A week or so ago, God nudged me. He reminded me that this whole blog idea began as a way to minister as a Titus 2 woman to younger women. However, mostly, I use it to put my thoughts to "pen and paper." But I wonder if it's to be more than that. I know my highest calling is to abide in Him, my Maker, my God. And I will continue to do that but my focus of blogging may change. I will aim to teach what is good, how to love a husband (when I am so selfish), how to love my children (even when they are difficult), how to be pure (in a corrupt world), how to work at home, and show what it means to be subject to your husband.
Being a married woman and a mom is a call of self-sacrifice. As I meet moms, I see different points of view, different choices, different callings even. And though it's difficult at times, it reaffirms our family's choices: for me to be a worker only at home. One works incredibly hard to earn a college degree. Time, tears, sweat, late nights studying, many financial resources...you finish the list. Then attaining the first job. A foot in the door, a step on the ladder, a starting place. In time, you develop into the leader and woman you were called to be in the workplace. And then comes the deliberate choice to lay all that down. The prestige and power you held at your hard-earned job. The options you had financially when you were a two-income household. To rip that from your life and offer it up to God so that you can treasure the people who are not destroyed by moth and rust (Matthew6:20). This is an example of what it means to be poor in spirit.
I am not saying that working moms are not poor in spirit. Sometimes there is not choice financially, whether she a single parent or husband under or unemployed. Sometimes it's a matter of submission to your husband who asks his wife to work. Sometimes it's a matter of knowing who you are or aren't. But for the woman who is given a choice: to work outside the home or be in the home, I see it as a sacrifice of self. Romans 12:1, my paraphrase:
Offer your whole self continually as a sacrifice to the Lord in logical response of worship to the grace by which He extended to you when He saved you.

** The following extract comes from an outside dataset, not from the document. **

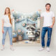 A gentle cottagecore scene unfolds as a wide-eyed raccoon stands before a pale blue garden gate, holding a flower-tied letter as blossoms spill softly from woven baskets. The mood is tender and storybook sweet, blending whimsical charm with pastel florals, warm woodland character, and a dreamy watercolor glow. The soft blues, blush pinks, and airy neutrals create a serene, heartwarming aesthetic that feels like a quiet moment of magic waiting to be shared. AI generated artwork.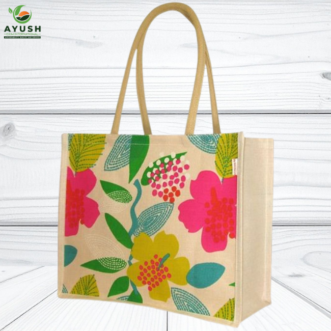 Shopping bags with logos custom printed made of jute & cotton with customizable options for markets & malls

In preaching on this verse this weekend, our pastor said, because of your realizing what gift God gave when He saved you, "you can never go back to who you were." And really, in choosing to be a worker in the home, I may never be able to go back to the person I was before I made that choice. I have missed out on years of technology upgrading in the web development world, I would not simply be able to walk back into that field of work. An extended relative, whose husband became unemployed, who was a stay-at-home mom, struggled to find any sort of work and although thankful for an income, she isn't in the same field of work as before making the choice to be at home.
Is it worth it? Honestly, sometime I need to remind myself that it is. But, it doesn't take me long. Discipling my children is a big job. And this isn't a sacrifice just for children. It's a sacrifice for the peace and calmness of your entire household. And my relationships are the only thing going with me to heaven. I watch working mom's lives and I may become jealous but I don't stay there. In a way, I have traded the chaos of running for just "being" sometime.
And so I offer my whole self to God...including this blog.